Explainable Dynamic Ensemble Learning with Late Fusion of Multimodal Data for Intelligent Decision Support
Project Description
In domains like healthcare, finance, and cybersecurity, data often comes from multiple modalities—images, sensors, clinical records, and text reports. However, this heterogeneity presents major challenges:
- Missing modalities
- Imbalanced feature sets
- Prediction uncertainty
While dynamic ensemble selection (DES) offers a flexible way to choose the best models per instance, traditional systems mostly rely on early fusion, limiting their performance and explainability.

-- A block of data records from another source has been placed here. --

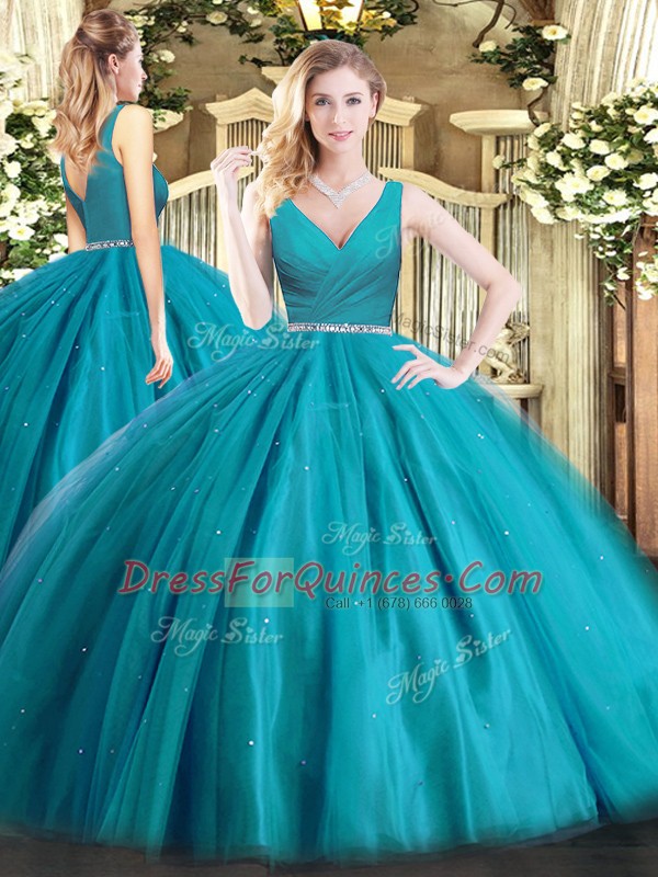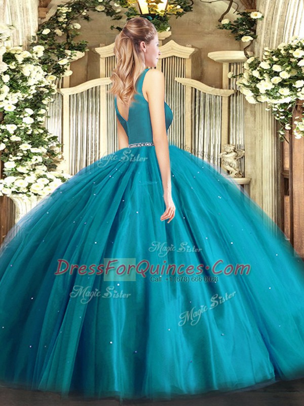 Teal Zipper Quince Ball Gowns Beading Sleeveless Floor Length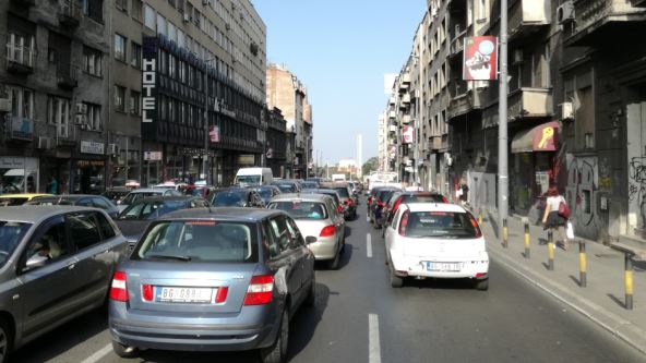 I kod Ade Ciganlije je velika kolona vozila, od Čukaričke padine u smeru ka gradu.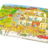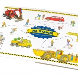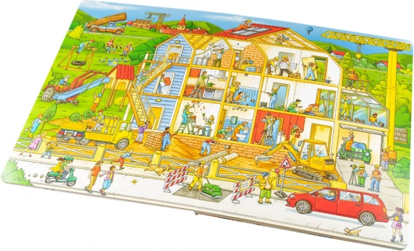 A városban állandóan történik valami – ásnak, javítanak, építenek és szépítenek. A gyerekek a lapokon teherautókat, betonkeverőket, markolókat, darukat vagy targoncákat kereshetnek, megismerik a mesterek munkáját és azt is, hogyan felügyel mindent a művezető és az építésvezető. Nem hiányzik az építész, a fotós vagy a kertész sem, és rengeteg figura saját minitörténetekkel. Ez az építkezésről szóló gyerekkönyv remek keresős (wimmel) könyv, amely természetes módon fejleszti a kifejezőkészséget és a figyelmet.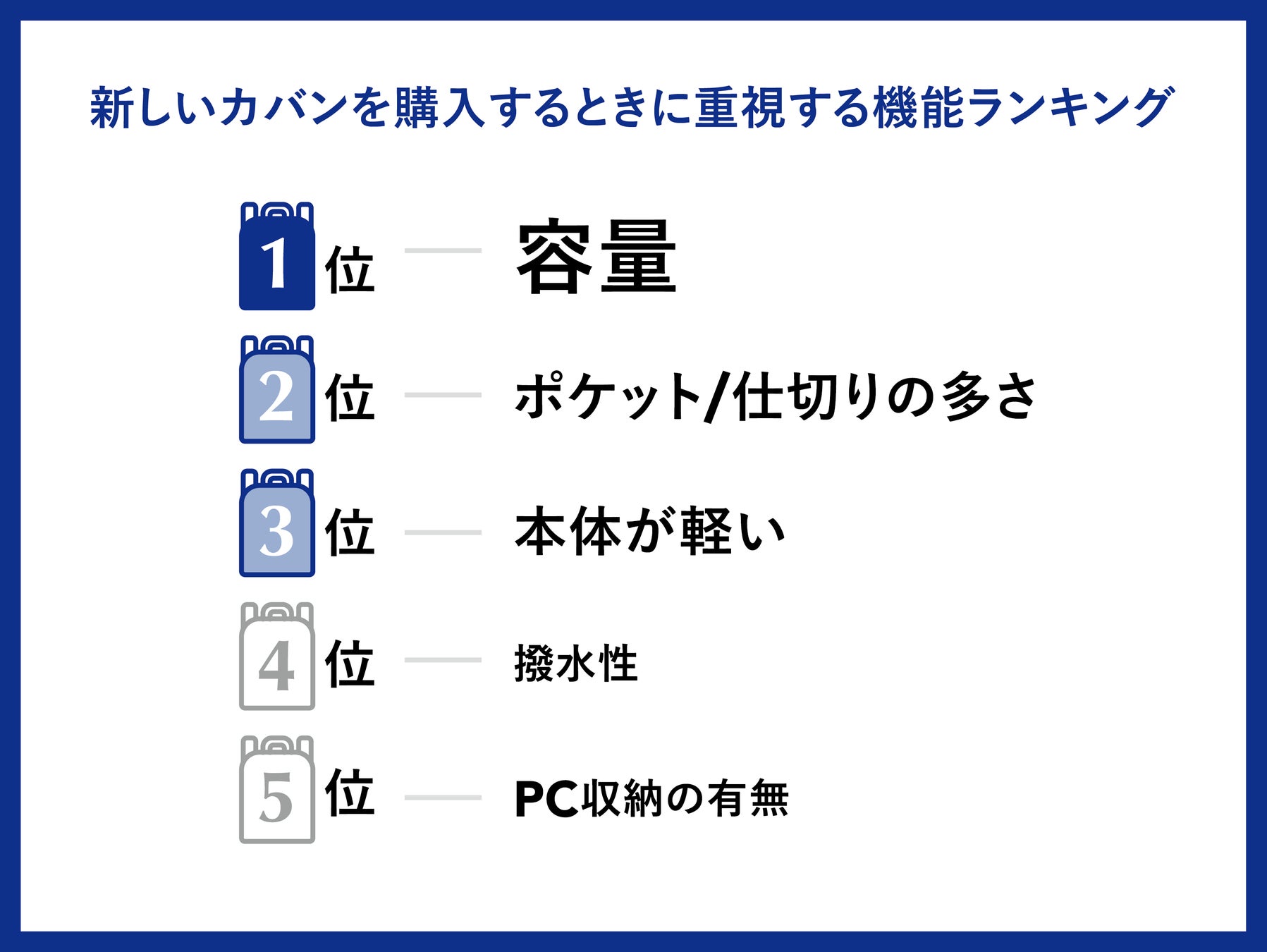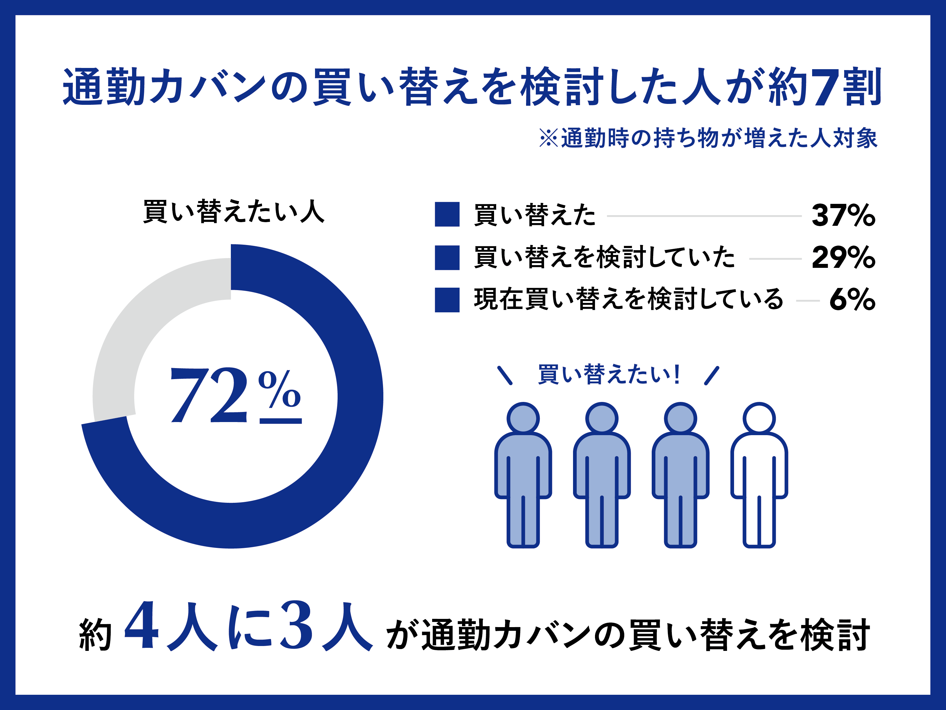 通勤時の持ち物が増えた人のうち、約7割の人が「通勤カバンの買い替えを検討した」と回答しました。さらに、新しいカバンを購入するときに最も重視するのは「容量」「ポケット/仕切りの多さ」「PC収納の有無」など、機能面の特徴であることが分かりました。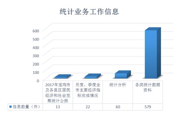 统计业务工作信息类674条,占总体的比例为82.4%。主要包括:1、2017年宝鸡市及各县区国民经济和社会发展统计公报13条;2、月度、季度全市主要经济指标完成情况22条;3、统计分析60条;4、各类统计数据资料579条。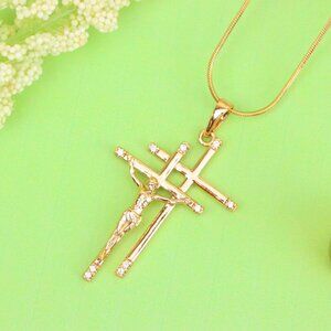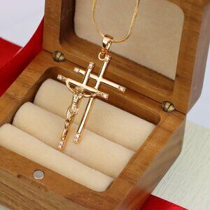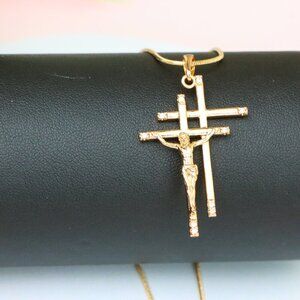 Elegant layered cross design featuring detailed crucifix and stone highlights.

To overcome these limitations, InfoLab at Sungkyunkwan University (SKKU) has developed a novel explainable DES framework using late fusion. This project introduces new algorithms, validated applications, and an open-source Python library, Infodeslib, for real-world use.
Key Contributions
1. Infodeslib: Python Library for Dynamic Late Fusion
An open-source Python package that implements:
- 4 DCS and 7 DES techniques adapted for late fusion
- Modular assignment of classifiers to specific modalities
- Improved generalization and modal robustness
Built-in explainability tools include:
- Case-Based Reasoning (CBR): Highlights similar past cases
- Classifier Contribution Visuals: Shows how each model influenced the final decision
- Local Feature Importance (SHAP): Displays feature impact on predictions
2. Dynamic Late Fusion Framework with Clinical Validation
We extended traditional DES methods like KNORA-U to support late fusion using region-of-competence selection.
Evaluation Results:
-
MIT-GOSSIS Dataset (6,600 hospital patients):
Achieved 90.16% accuracy, outperforming early fusion and static ensembles -
Additional Benchmarks:
ADNI, NACC, PPMI, Credit Card Clients, and Samarkand Neonatal ICU Dataset - Demonstrated strong performance in handling missing data and enhancing diversity
Project Objectives
- Build an adaptive, late-fusion ensemble framework that dynamically selects models across modalities
- Integrate explainable AI tools to support transparent decision-making
- Test the framework across healthcare, financial, and critical system datasets
- Release a user-friendly, open-source library to foster adoption and reproducibility
Research Impact
This project pioneers a next-gen intelligent decision support system by uniting:
- Dynamic ensemble learning
- Multimodal late fusion
- Embedded explainability
The result is a robust, interpretable solution for high-stakes AI applications. By releasing Infodeslib, InfoLab (SKKU) empowers researchers and practitioners to build trustworthy and high-performance systems across a range of multimodal data environments.